Art and Faith: New Ways of Seeing
The Michaelhouse café in St Michael’s Church is the perfect setting for an exhibition that seeks to open up conversations about art and interfaith relations.

In preparation for Art and Faith: New Ways of Seeing five students of different faiths were brought together for a scriptural reasoning session in which they looked at Islamic, Jewish, Christian, Sikh and Buddhist scriptures, using their study to produce artwork on the theme of salvation.“It was a personal response,”that theology student Laura Kettle and her two co-curators said they were looking for from the students.“You’re not trying to say, ‘This is what my religion says.’”
One of the organisers, third-year theology student Laura Solomons, explained that the team behind the exhibition had wanted to take the scholarly process of scriptural reasoning and put it in to a more accessible form: “I think anyone who goes along to [scriptural reasoning sessions] is already quite engaged in their faith. One of the things we really wanted to do was try and find a way to […] make it approachable and personal”. Laura Kettle concurred: “That’s what we thought art could add because […] by looking at a piece of art you immediately have a response, and everyone can get something out of it.”

The textual foundation of the work produced is particularly evident in the pieces by the two professional Muslim artists Samir Malik and Siddiqa Juma who headline the exhibition. Indeed, they draw attention to this foundation in the exhibition guide where a comparison is made between the impressive patterning of rich colour and Arabic calligraphy in Juma’s work and the “ancient illuminated Qur’ans now proudly housed in museums around the world.” This description points to something that is at the heart of the exhibition – that while ancient relics sit untouched in museums, here the creation of and reaction to art is a way in which engagement with scripture can actively take place.
In addition to the student project, the ‘inter’ part of ‘interfaith’ can be found in Malik’s artwork, which, rather than just focusing on Islam, also incorporates the teachings of St. Teresa of Ávilia,the Japanese Buddhist poet Issa and theS panish poet Antonio Machado.
The curators were keen to emphasise that the exhibition does not stop with the art on the walls. Materials are available for everyone at the Michaelhouse café to express their own thoughts. There is going to be an open scriptural reasoning session and a calligraphy workshop, which will be run by Malik at Kettle’s Yard.
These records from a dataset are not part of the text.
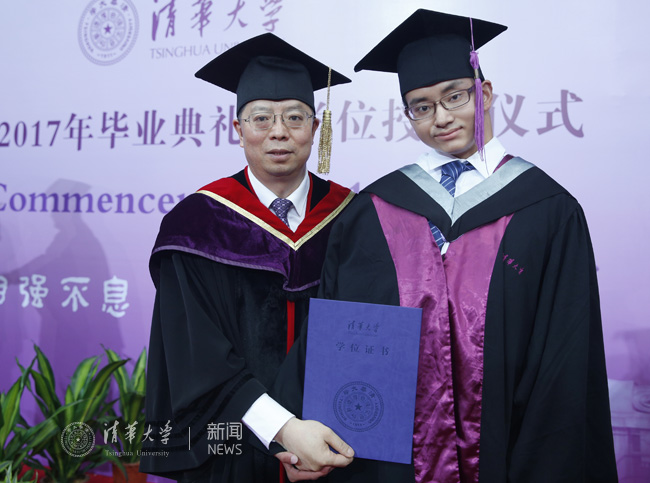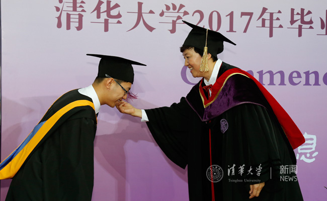 数学系毕业生朱晓鹏第一个接受校长拨穗和授予学位。由于患有脊髓血管瘤,晓鹏的身体不太方便,邱勇校长特意走到晓鹏身边,为他拨穗并授予学位,并与晓鹏亲切交谈。典礼结束后,朱晓鹏说:“邱校长鼓励我继续好好学习,也告诉我,学校已经收到了我关于无障碍校园建设的建议,将会尽快进行校园环境的改造。这些年清华对我的帮助非常大,我也会一直把清华当做家。”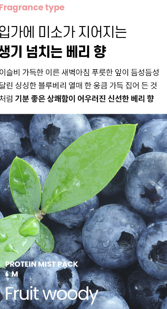 이슬비 가득한 이른 새벽 아침 푸릇한 잎이 듬성듬성 달린 싱싱한 블루베리 열매 한 움큼 가득 집어 든 것처럼 기분 좋은 상쾌함이 어우러진 신선한 베리 향을 느낄 수 있어요.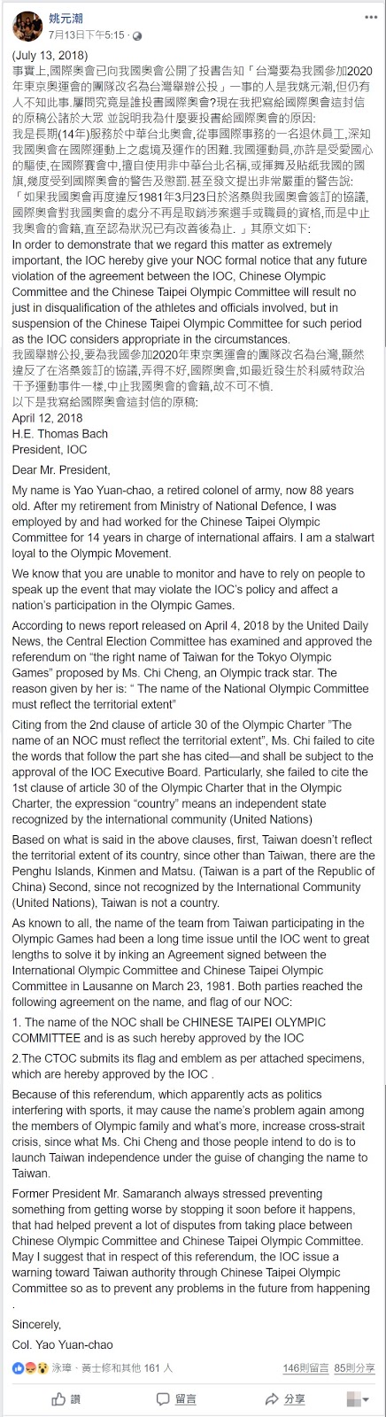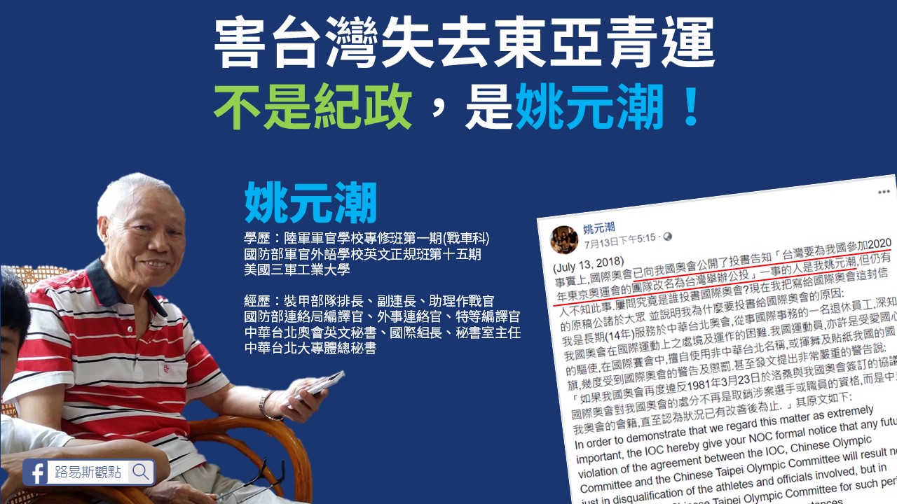 姚元潮身為軍方背景理應投入軍事相關活動,但卻藉由外語專長霸佔中華奧會相關職缺,難怪網友大批,這樣的人砍了年金實在合情合理,姚元潮身為一個軍人希望做是能敢做敢當,不是關閉了臉書就沒這回事。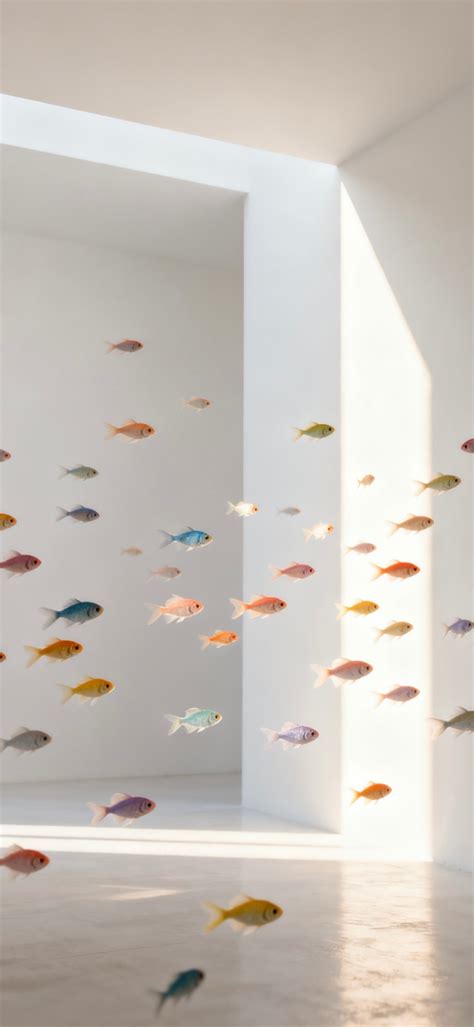 纯白空间沐暖阳,多彩鱼儿凌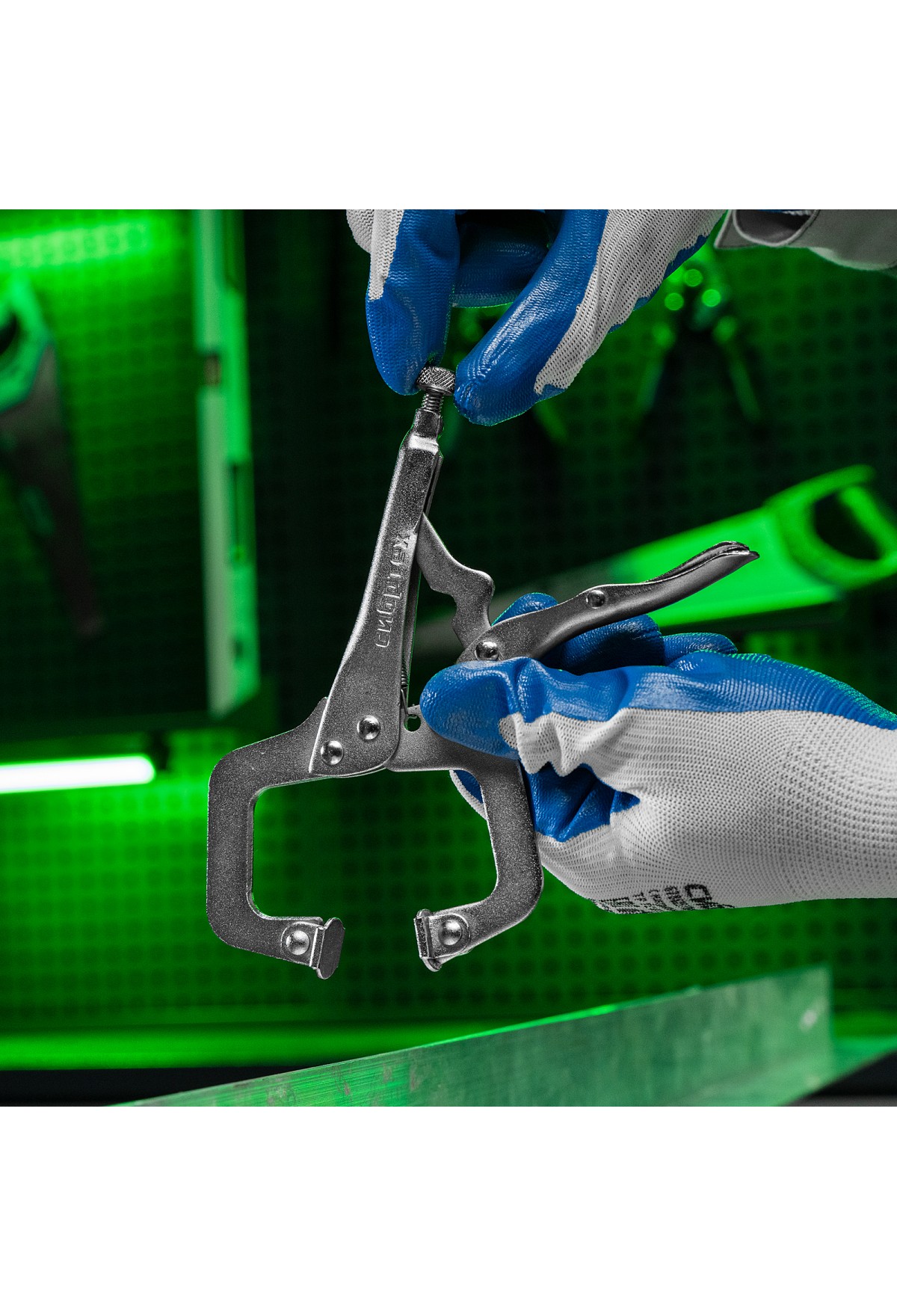 Ручной зажим Сибртех 18425 длиной 170 мм, с увеличенным захватом и подвижными губками, позволяет фиксировать и удерживать детали и заготовки в заданном положении. При этом руки мастера остаются свободными. Подвижные губки позволяют работать с предметами сложной формы. Зажим используется для сварочных, столярных, слесарных работ. Применяется во время проведения строительных и ремонтных работ, а также будет полезен дома, в гараже или на даче.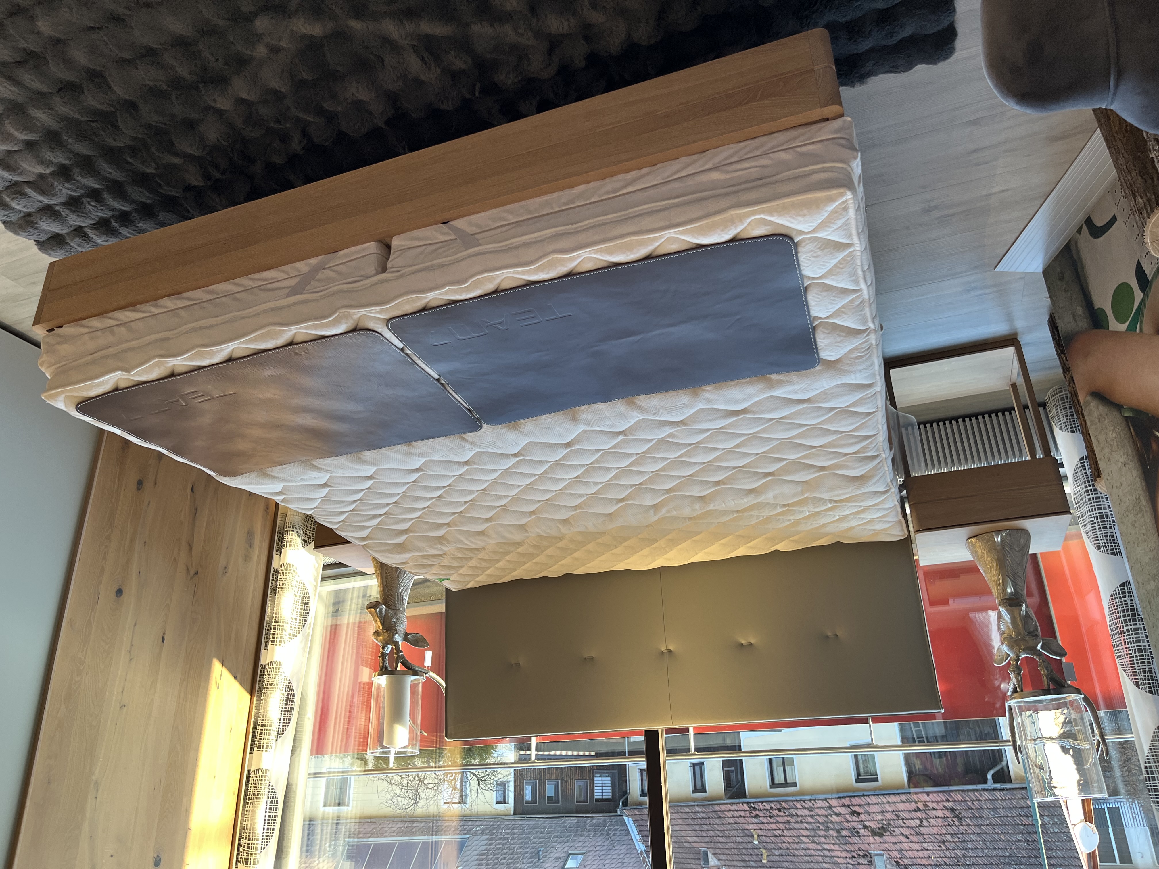 in Eiche Weiß geölt, mit Leder-Polsterhaupt in hellgrau, für 180 x 200 cm, Besttseitenhöhe 39,5 cm, 185 cm breit x 211,1 cm tief x 114,1 cm hoch, inkl. 2x Nachttisch FLOAT in Eiche Weiß geölt, mit einer Schublade, Holzkufen, je 45 cm breit, 1x 64,5 cm hoch und 1x 40,6 cm

It is important for the organisers that the exhibition is non-exclusive and able to connect with people who are not of a particular faith. The girls spoke about the influence of the Rothko Chapel in Houston, Texas on their project. The eight walls of the chapel are filled with huge paintings by American artist Mark Rothko,whose art is able to provoke a sense of the spiritual, even though he himself didn ot have any religious beliefs. Laura Solomons said that people would “whisper” as they walked past his work. She and her colleagues are thinking about including an atheist or agnostic artist when the process is repeated in St John’s Church, Waterloo and the Old Naval College Chapel, Greenwich for the Olympics.
The current exhibition takes full advantage of the space offered by the Michaelhouse: the mezzanine floor beneath the gothic arches of the 14th century parish church allows the art to be viewed from a number of different places. And with the multiple views that already come from the different scriptures and different faiths one finds one really has been given “New Ways of Seeing”.